The fat one, as his uncle referred to him, positioned his gun in the air like an outlaw in a Western. The next part had fascinated Reho as a child. His uncle would stand up and then straighten Reho up in front of him, about five feet away. His uncle’s hand would rise, imitating a gun, and then he would yell,

Now!” Reho played the role of his father. He had heard it so many times as a child. Reho dropped to a knee, as his father had, and flung an imaginary knife toward his uncle. His uncle would drop the pretend gun and grab his chest, then fall over.

The other one, Skinny, his uncle would call him, looked down at his partner, the knife planted like a sapling in his chest. As his father moved to uproot the blade, Skinny ran away.

His father hadn’t been hurt that night. Reho was like his father; they both healed at an accelerated rate. Their minds also processed information with lightning-fast speed, often noticing details most overlooked. His body could endure almost anything. Out in the Blastlands, he had discovered only one thing that seemed to harm him: high levels of radiation. In most areas, the radiation levels were minimal and of no real safety concern. But the pockets of high radiation that dotted the area were an immediate deathtrap for anyone unfortunate enough to walk into one, including Reho.

Before having the AIM surgically embedded, he had wandered into one of the high radiation spot near OldWorld St. Louis, just as he’d crossed the Great River. Signs of the sickness began with a shortness of breath, followed by nausea.

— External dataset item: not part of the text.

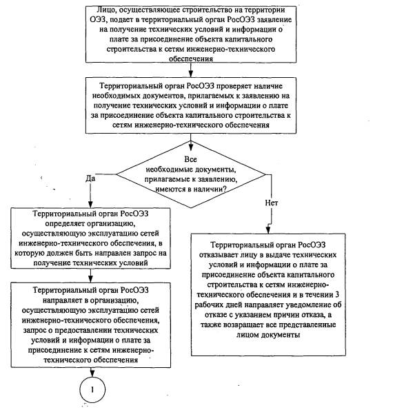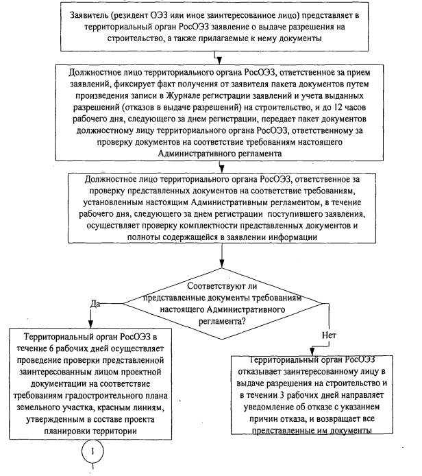 I. Общие положения1.1. Наименование государственной услугиВыдача разрешений на строительство, а также получение технических условий присоединения к сетям инженерно-технического обеспечения и осуществление передачи этих условий и разрешений на строительство индивидуальным предпринимателям, юридическим лицам, осуществляющим строительство или реконструкцию. 1.2. Нормативные правовые акты, регулирующие предоставление государственной услугиПредоставление государственной услуги "Выдача разрешений на строительство, а также получение технических условий присоединения к сетям инженерно-технического обеспечения и передача этих условий и разрешений на строительство индивидуальным предпринимателям, юридическим лицам, осуществляющим строительство или реконструкцию" (далее - государственная услуга) осуществляется в соответствии с: Градостроительным кодексом Российской Федерации (Собрание законодательства Российской Федерации, 2005, N 1, ст. 16, N 30, ст. 3128; 2006, N 1, ст. 10, ст. 21, N 23, ст. 2380, N 31, ст. 3442, N 50, ст. 5279, N 52, ст. 5498; 2007, N 1, ст. 21, N 21, ст. 2455, N 31, ст. 4012, N 45, ст. 5417, N 46, ст. 5553, N 50, ст. 6237; 2008, N 20, ст. 2251, ст. 2260, N 29, ст. 3418, N 30, ст. 3604); Федеральным законом от 22 июля 2005 г. N 116-ФЗ "Об особых экономических зонах в Российской Федерации" (Собрание законодательства Российской Федерации, 2005, N 30, ст. 3127; 2006, N 23, ст. 2383, N 52, ст. 5498; 2007, N 45, ст. 5417); Федеральным законом от 2 мая 2006 г. N 59-ФЗ "О порядке рассмотрения обращений граждан Российской Федерации" (Собрание законодательства Российской Федерации, 2006, N 19, ст. 2060); постановлением Правительства Российской Федерации от 19 августа 2005 г. N 530 "О Федеральном агентстве по управлению особыми экономическими зонами" (Собрание законодательства Российской Федерации, 2005, N 35, ст. 3611, N 48, ст. 5049; 2006, N 18, ст. 2005, N 25, ст. 2727; 2006, N 32, ст. 3578; 2007, N 16, ст. 1925; N 45, ст. 5499; 2008, N 2, ст. 92, N 24, ст. 2867); постановлением Правительства Российской Федерации от 24 ноября 2005 г. N 698 "О форме разрешения на строительство и форме разрешения на ввод объекта в эксплуатацию" (Собрание законодательства Российской Федерации, 2005, N 48, ст. 5047); постановлением Правительства Российской Федерации от 29 декабря 2005 г. N 840 "О форме градостроительного плана земельного участка" (Собрание законодательства Российской Федерации, 2006, N 2, ст. 205); постановлением Правительства Российской Федерации от 13 февраля 2006 г. N 83 "Об утверждении Правил определения и предоставления технических условий подключения объекта капитального строительства к сетям инженерно-технического обеспечения и Правил подключения объекта капитального строительства к сетям инженерно-технического обеспечения" (Собрание законодательства Российской Федерации, 2006, N 8, ст. 920); приказом Минэкономразвития России от 19 ноября 2007 г. N 403 "Об утверждении Типового положения о территориальном органе Федерального агентства по управлению особыми экономическими зонами" (зарегистрирован в Минюсте России 14 декабря 2007 г., регистрационный N 10746). 1.3. Наименование федерального органа исполнительной власти, предоставляющего государственную услугуГосударственную услугу предоставляют территориальные органы Федерального агентства по управлению особыми экономическими зонами (далее - территориальные органы РосОЭЗ). Федеральное агентство по управлению особыми экономическими зонами (далее - РосОЭЗ) организует методическое обеспечение, координацию и ко

Realizing he’d traveled into a death trap, he struggled to retrace his steps. He had blacked out near the river, waking late that night. His skin was covered with boils filled with sticky, green toxins. His body shivered and burned throughout the night as it sought to rid him of the radiation. Less than a month later, he’d found a doctor capable of implanting a device that could warn him of radiation levels. Among other things, the AIM was meant to keep him alive. But it had become more than that over the years. Its mapping system had helped him navigate his way through the Blastlands, finding communities that most would never know existed.

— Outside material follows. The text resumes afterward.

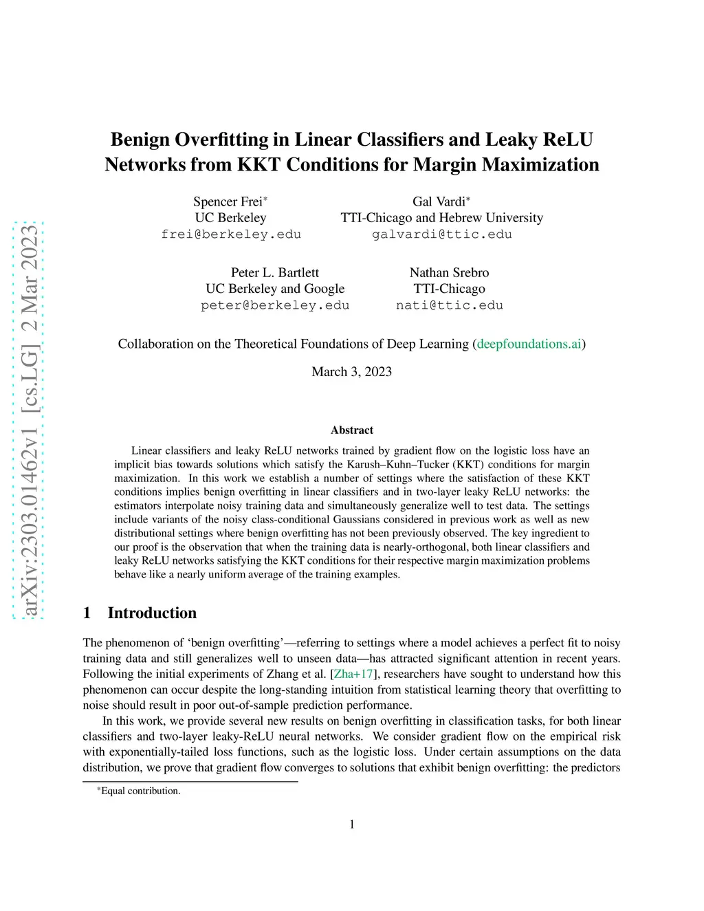 Linear classifiers and leaky ReLU networks trained by gradient flow on the logistic loss have an implicit bias towards solutions which satisfy the Karush--Kuhn--Tucker (KKT) conditions for margin maximization. In this work we establish a number of settings where the satisfaction of these KKT conditions implies benign overfitting in linear classifiers and in two-layer leaky ReLU networks: the estimators interpolate noisy training data and simultaneously generalize well to test data. The settings include variants of the noisy class-conditional Gaussians considered in previous work as well as new distributional settings where benign overfitting has not been previously observed. The key ingredient to our proof is the observation that when the training data is nearly-orthogonal, both linear classifiers and leaky ReLU networks satisfying the KKT conditions for their respective margin maximization problems behave like a nearly uniform average of the training examples.

Reho sat on the tattered mattress; it reminded him of the one he had slept on in the Red Hall holding cell. His mind flooded with questions, as it often did when we thought back on his childhood.
What if his mother had never been abducted by the Hegemon? If his father hadn’t been at work in the tannery with his brother the day she was taken, could he have prevented her abduction?
If so, maybe she would have had a life worth living instead of the frightened mess she endured after being returned. Maybe she could have enjoyed her son. The only pleasant memories Reho had of his mother were of the rare moments when she sang. Her lilting voice filled the house with soothing melodies, the antithesis of the hell she endured each sleepless night. Reho remembered the screams that plagued him as a child—most notably, her final scream.

He hated the alien invaders for that.

***

The mess room was below the navigation cabin on the top deck. Smoke hung in the air around the stove. A cigarette dangled from Thursday’s lips as he stirred a sizzling skillet. The room was filled with a heady aroma, a mixture of the two—delicious, yet acrid.